Inhale as you go up, press the backs of your hands together, maintain the tension for a few moments, then exhale and come back down. Perform the stretch seven times, then relax.
Side bends
Stand relaxed, with your arms at your sides. Inhale and stretch your arms overhead, crossing your wrists so that your palms are together. Create tension by pressing your palms together tightly. Exhale as you bend slowly to your right. Inhale as you return to the upright position, your arms still overhead.
Repeat until you have done the bend seven times to the right. Recross your hands the other way, and now perform the bend seven times to the left. Maintain the tension at your palms throughout the exercise, then relax with your arms at your sides.
Variation
Use this exercise if your wrists and hands are too stiff for the hand position in Sidebends.
Inhale and stretch your arms overhead, hooking your thumbs around each other, with your remaining fingers free. Pull your thumbs against each other as your exhale and bend slowly to your right. Inhale and return to the upright position. Repeat until you have done seven bends to the right. Rehook your thumbs from the other direction and now bend to the left seven times, Maintain the tension on your thumbs throughout the exercise, then relax with your arms at your sides.
Forward Bends
This exercise provides a good massage of the lymph glands under your arms.
Stand relaxed, with your arms at your sides. Then hook your fingers behind your back, pulling one hand against the other. Stretch your arms out straight. Step forward with your right foot into a wide but comfortable stance. Inhale normally then exhale, bending forward and stretching your arms out straight behind you. As you bend over, lift your arms as high as is comfortable behind you. Maintain the tension between your hands.

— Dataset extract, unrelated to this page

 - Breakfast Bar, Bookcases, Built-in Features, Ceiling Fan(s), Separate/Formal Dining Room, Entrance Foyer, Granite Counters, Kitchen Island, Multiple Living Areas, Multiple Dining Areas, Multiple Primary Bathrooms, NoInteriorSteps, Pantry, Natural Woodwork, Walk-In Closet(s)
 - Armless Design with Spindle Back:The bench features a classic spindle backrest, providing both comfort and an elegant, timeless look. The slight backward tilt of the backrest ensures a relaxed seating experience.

You may bend your left knee a bit if that seems necessary. Inhale as you return to the upright position, arching back a bit and looking upwards. Repeat for a total of seven bends, then relax.
Now repeat the technique, this time stepping forward with the left foot. Remember that the tension between your hands must be maintained during all seven bends.
Back Bends
Stand relaxed, with your arms at your sides. Bring your hands up and press your palms together in front of your chest. Slowly raise your arms until they are overhead. Inhale and lean backward as far as is comfortable. Maintain the pressure on your palms and hold your breath for a moment. Exhale as you return to the upright position and then continue until you lean slightly forward.

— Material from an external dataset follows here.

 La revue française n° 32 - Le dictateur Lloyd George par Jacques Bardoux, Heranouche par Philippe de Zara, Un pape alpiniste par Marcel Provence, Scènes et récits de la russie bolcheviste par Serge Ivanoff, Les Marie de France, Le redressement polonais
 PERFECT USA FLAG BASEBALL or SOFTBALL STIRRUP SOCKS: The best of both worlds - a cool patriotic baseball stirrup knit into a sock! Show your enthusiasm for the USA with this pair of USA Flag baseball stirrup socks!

Repeat seven times, always maintaining the tension in your arms by pressing your palms tightly together. Relax and let your arms rest at your sides. Be aware that holding the back bend too long may cause you to become light-headed as you lean forward, so listen to your body in this respect.
Spinal Twist
You should try to do the entire sequence on one inhalation, but if you run out of air, catch a quick sniff. This exercise should not be rushed.
Lie face down on the ground, with your arms at your sides and close to your body. Inhale and slowly raise your torso as you arch your back and look up. At the same time, bring your hands up and place them flat on the ground, just under your shoulders. Continue to inhale as you slowly extend your arms and push your body for more of an arch in your back, as you look up at the ceiling.
Still retaining your breath, slowly twist to one side and look behind you. Return to the front. Twist to the other side and look behind you. Return to the centre.
Exhale, slowly returning to the face down position and returning your arms to your sides. Perform this exercise for ten times, then relax.